*Records supplied:*

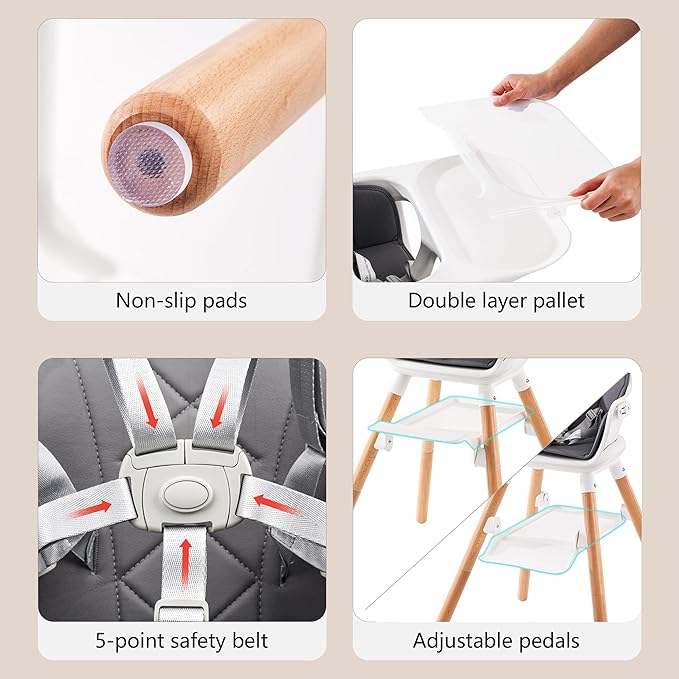 - Eco-Friendly & Safe Material: our baby high chairs are made of food-grade PP and PE to ensure that your baby's health is not affected. The baby highchair's legs are made of thick beech wood with non-slip feet.
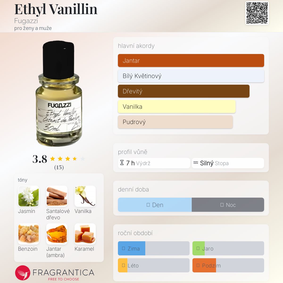 Ethyl Vanillin podle Fugazzi je Orientální Vanilla vůně pro ženy a muže. Toto je nová vůně. Ethyl Vanillin byl/a uveden/a v roce 2025. Vrchní tóny jsou Jasmín a Karamel; střední tóny jsouVanilka a Benzoin ; základní tóny jsou Santalové dřevo a Jantar (ambra).
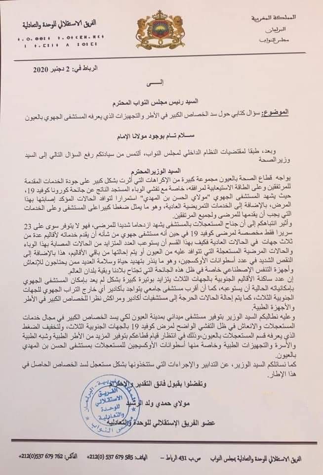 تقدم النائب البرلماني عن دائرة العيون السيد حمدي ولد الرشيد بسؤال كتابي لوزير الصحة عن التدابير المتخذة لسد الخصاص الحاصل في الأطر الطبية و التمريضية و المعدات خصوصا بعد تسجيل جهة العيون من ارتفاع بأعداد الإصابة و الوفيات ، كما جاء بالسؤال الحديث عن النقص الحاصل بمادة الاوكسجين .
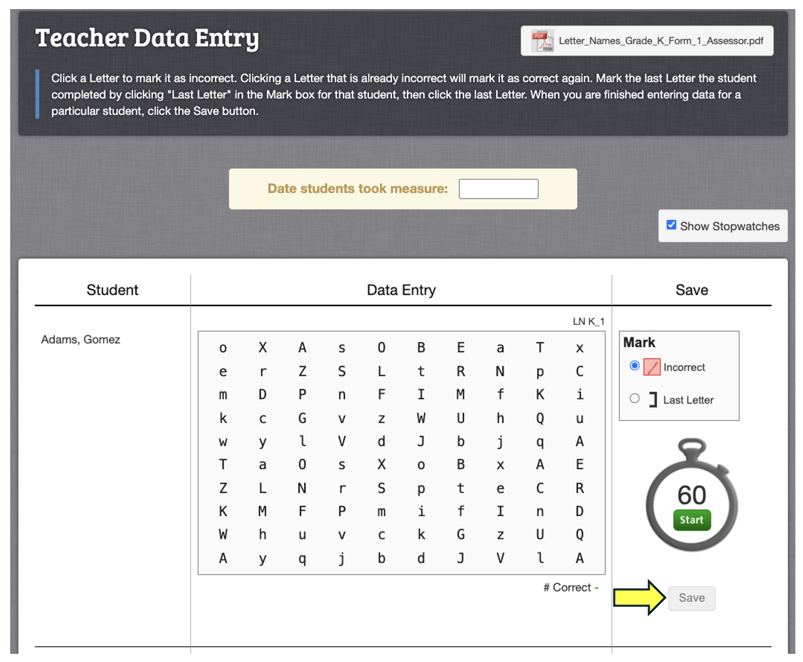 The next page will show a copy of the test form and a stopwatch for each student in the group you selected. Follow the standardized testing directions to administer the form, then save the results when you're done.
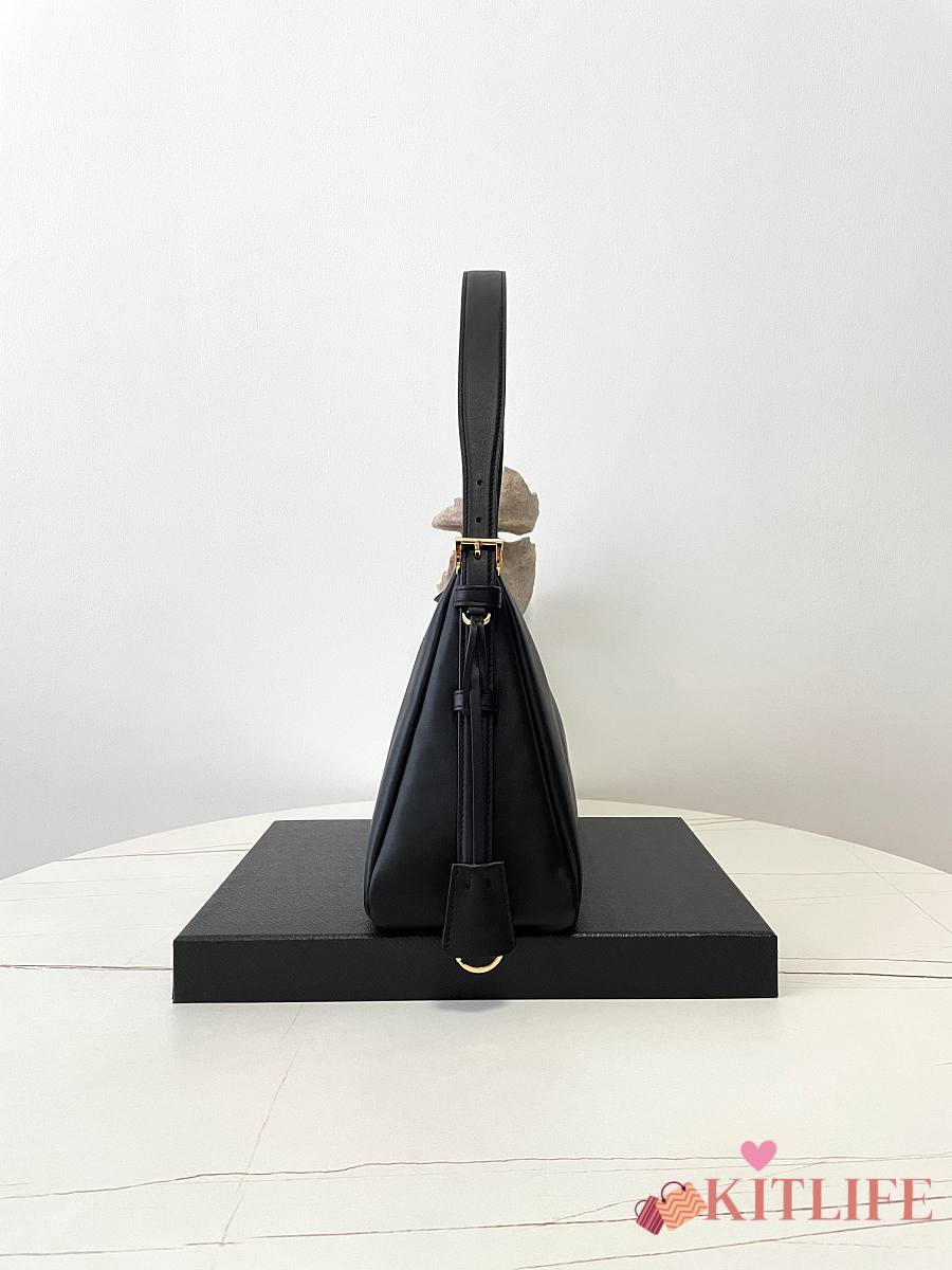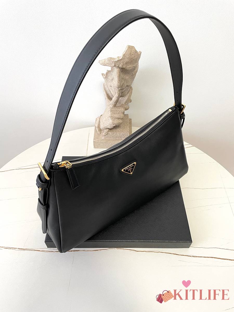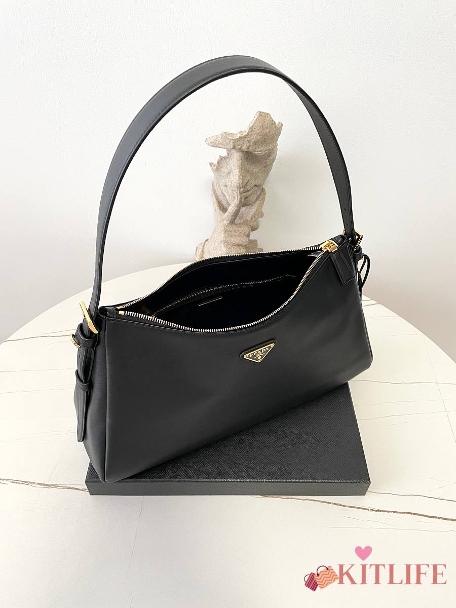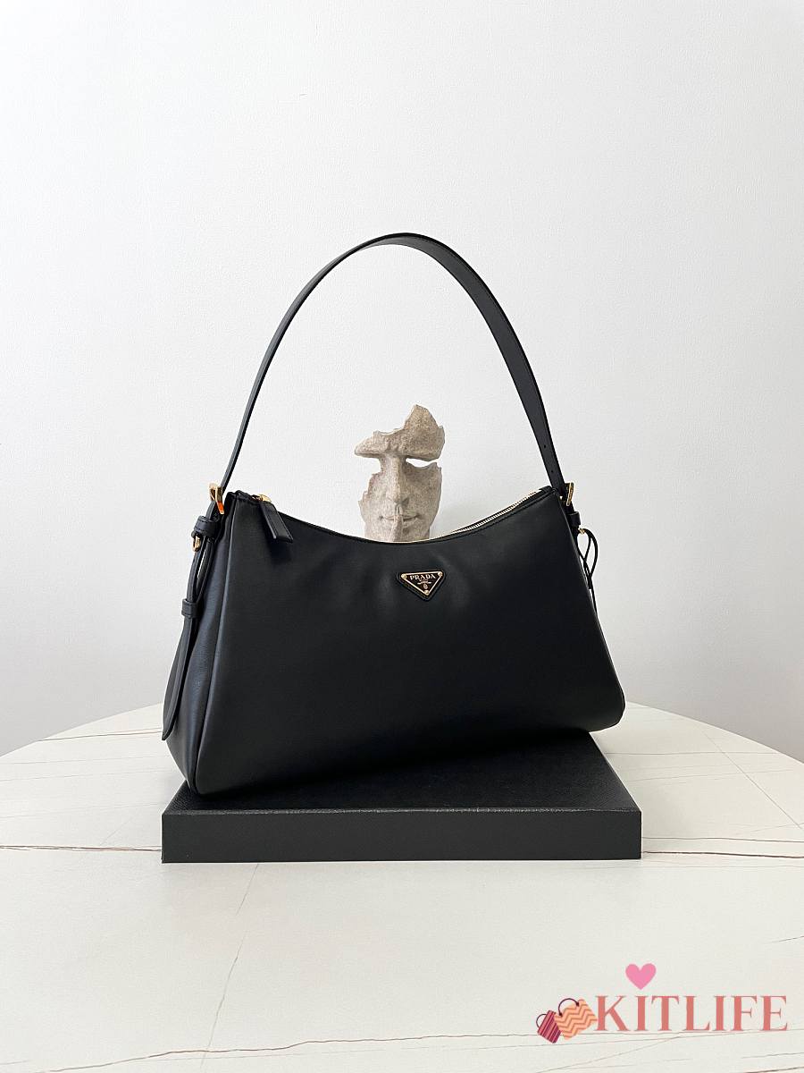 Kitlife Prada Aimée Large Black Leather Shoulder Bag 1BC228 39×23×12cm
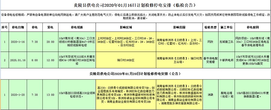 炎陵县供电公司2020年01月16日计划检修停电安排
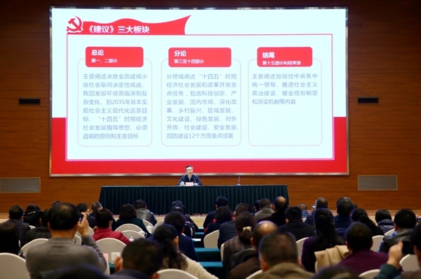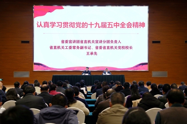 為大家?guī)磉@堂宣講報告的是省委宣講團省直機關(guān)分團負責人、省直機關(guān)工委常務(wù)副書記、省委省直機關(guān)黨校校長王承先。在2個小時時間里,他的宣講報告圍繞全面把握黨的十九屆五中全會主要精神,深刻認識《中共中央關(guān)于制定國民經(jīng)濟和社會發(fā)展第十四個五年規(guī)劃的建議》提出的重要觀點、論述和舉措,以及扎實抓好黨的十九屆五中全會精神學習貫徹等三個方面展開。
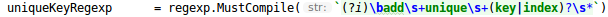 后面通过分析我们想了一种方案,首先通过如下一条正则解析命令是否包含新增唯一键。

*Work request:* Where a record above holds a picture, drop the picture and print the rest exactly.

*Problem solution:*
 - Eco-Friendly & Safe Material: our baby high chairs are made of food-grade PP and PE to ensure that your baby's health is not affected. The baby highchair's legs are made of thick beech wood with non-slip feet.
 Ethyl Vanillin podle Fugazzi je Orientální Vanilla vůně pro ženy a muže. Toto je nová vůně. Ethyl Vanillin byl/a uveden/a v roce 2025. Vrchní tóny jsou Jasmín a Karamel; střední tóny jsouVanilka a Benzoin ; základní tóny jsou Santalové dřevo a Jantar (ambra).
 تقدم النائب البرلماني عن دائرة العيون السيد حمدي ولد الرشيد بسؤال كتابي لوزير الصحة عن التدابير المتخذة لسد الخصاص الحاصل في الأطر الطبية و التمريضية و المعدات خصوصا بعد تسجيل جهة العيون من ارتفاع بأعداد الإصابة و الوفيات ، كما جاء بالسؤال الحديث عن النقص الحاصل بمادة الاوكسجين .
 The next page will show a copy of the test form and a stopwatch for each student in the group you selected. Follow the standardized testing directions to administer the form, then save the results when you're done.
 Kitlife Prada Aimée Large Black Leather Shoulder Bag 1BC228 39×23×12cm
 炎陵县供电公司2020年01月16日计划检修停电安排
 為大家?guī)磉@堂宣講報告的是省委宣講團省直機關(guān)分團負責人、省直機關(guān)工委常務(wù)副書記、省委省直機關(guān)黨校校長王承先。在2個小時時間里,他的宣講報告圍繞全面把握黨的十九屆五中全會主要精神,深刻認識《中共中央關(guān)于制定國民經(jīng)濟和社會發(fā)展第十四個五年規(guī)劃的建議》提出的重要觀點、論述和舉措,以及扎實抓好黨的十九屆五中全會精神學習貫徹等三個方面展開。
 后面通过分析我们想了一种方案,首先通过如下一条正则解析命令是否包含新增唯一键。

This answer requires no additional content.